# WHAT YOU WILL DO
Only these lines, please: the first one of the records through the one containing "Pleated Filter Shown", retyped exactly, both ends included and pictures omitted.
━━━━
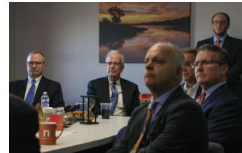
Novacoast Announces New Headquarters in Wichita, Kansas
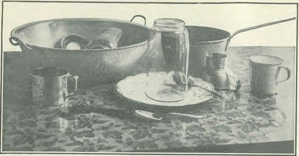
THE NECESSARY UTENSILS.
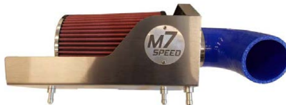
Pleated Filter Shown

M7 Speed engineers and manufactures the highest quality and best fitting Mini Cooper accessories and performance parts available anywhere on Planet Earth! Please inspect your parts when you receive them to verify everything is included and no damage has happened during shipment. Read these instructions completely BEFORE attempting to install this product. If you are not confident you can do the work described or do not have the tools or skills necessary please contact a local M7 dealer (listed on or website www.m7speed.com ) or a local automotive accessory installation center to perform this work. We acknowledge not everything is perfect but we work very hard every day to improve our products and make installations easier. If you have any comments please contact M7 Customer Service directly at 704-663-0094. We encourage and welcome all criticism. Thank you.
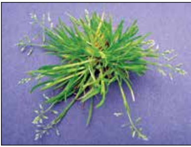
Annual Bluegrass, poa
━━━━
# ANSWER BOX
Novacoast Announces New Headquarters in Wichita, Kansas
THE NECESSARY UTENSILS.
Pleated Filter Shown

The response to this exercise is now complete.